Data from: Tree species diversity promotes aboveground carbon storage through functional diversity and functional dominance

The relationship between biodiversity and ecosystem function has increasingly been debated as the cornerstone of the processes behind ecosystem services delivery. Experimental and natural field-based studies have come up with nonconsistent patterns of biodiversity–ecosystem function, supporting either niche complementarity or selection effects hypothesis. Here, we used aboveground carbon (AGC) storage as proxy for ecosystem function in a South African mistbelt forest, and analyzed its relationship with species diversity, through functional diversity and functional dominance. We hypothesized that (1) diversity influences AGC through functional diversity and functional dominance effects; and (2) effects of diversity on AGC would be greater for functional dominance than for functional diversity. Community weight mean (CWM) of functional traits (wood density, specific leaf area, and maximum plant height) were calculated to assess functional dominance (selection effects). As for functional diversity (complementarity effects), multitrait functional diversity indices were computed. The first hypothesis was tested using structural equation modeling. For the second hypothesis, effects of environmental variables such as slope and altitude were tested first, and separate linear mixed-effects models were fitted afterward for functional diversity, functional dominance, and both. Results showed that AGC varied significantly along the slope gradient, with lower values at steeper sites. Species diversity (richness) had positive relationship with AGC, even when slope effects were considered. As predicted, diversity effects on AGC were mediated through functional diversity and functional dominance, suggesting that both the niche complementarity and the selection effects are not exclusively affecting carbon storage. However, the effects were greater for functional diversity than for functional dominance. Furthermore, functional dominance effects were strongly transmitted by CWM of maximum plant height, reflecting the importance of forest vertical stratification for diversity–carbon relationship. We therefore argue for stronger complementary effects that would be induced also by complementary light-use efficiency of tree and species growing in the understory layer.

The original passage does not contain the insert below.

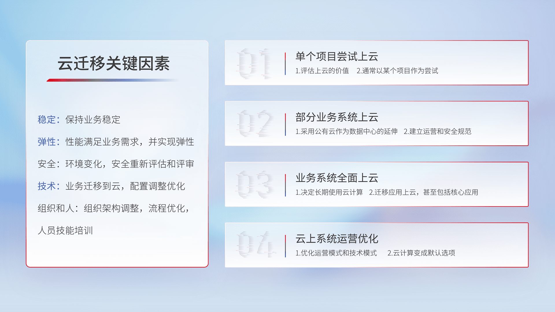 结合实际业务,,从规划设计、、、、云平台选型、、云原生改造、、、数据迁移、、集成交付,,,迁移全过程为客户识别最佳上云路径,,,,做好风险识别管理,,设计网络架构、、、身份权限、、安全审计合规、、、、操作审计、、、日志审计、、、监控告警策略、、多站点容灾设计等,,,,对云上基础设施进行整体规划,,,,提升IT治理水平,,,,以满足弹性、、、、高可用、、高性能的需求。。。。

生物多样性与生态系统功能的关系，作为支撑生态系统服务供给过程的核心基石，已成为日益受到学界关注的热点议题。基于野外自然样地与控制实验的相关研究，得出了关于生物多样性-生态系统功能关系的不一致结论，分别支持生态位互补效应假说或选择效应假说。本研究以南非雾带林为研究对象，以地上碳储量（aboveground carbon, AGC）作为生态系统功能的替代指标，并通过功能多样性与功能优势度两个维度，分析其与物种多样性的关联。本研究提出两项假设：（1）物种多样性通过功能多样性与功能优势度效应间接影响地上碳储量；（2）相较于功能多样性，功能优势度对地上碳储量的多样性调控效应更强。研究通过计算功能性状（木材密度、比叶面积、最大株高）的群落加权平均值（community weight mean, CWM）来表征功能优势度（即选择效应）；针对功能多样性（即互补效应），则计算了多性状功能多样性指数。第一项假设通过结构方程模型进行验证；针对第二项假设，研究首先检验了坡度、海拔等环境变量的调控效应，随后分别针对功能多样性、功能优势度以及二者共同作用，构建独立的线性混合效应模型。研究结果显示，地上碳储量随坡度梯度呈现显著变化，坡度越陡的样地其地上碳储量越低。即便在控制坡度效应的前提下，物种多样性（物种丰富度）与地上碳储量仍呈现显著正相关关系。如研究预期所示，物种多样性对地上碳储量的调控效应确实通过功能多样性与功能优势度两条路径实现，这表明生态位互补效应与选择效应并非单独作用于碳储量的调控过程。但相较而言，功能多样性对地上碳储量的调控效应要强于功能优势度。此外，功能优势度的调控效应主要通过最大株高的群落加权平均值实现，这反映出森林垂直分层在生物多样性-碳储量关系中的重要作用。因此，本研究认为，林下植被与乔木树种互补的光能利用效率，同样能够诱导产生更强的生态位互补效应。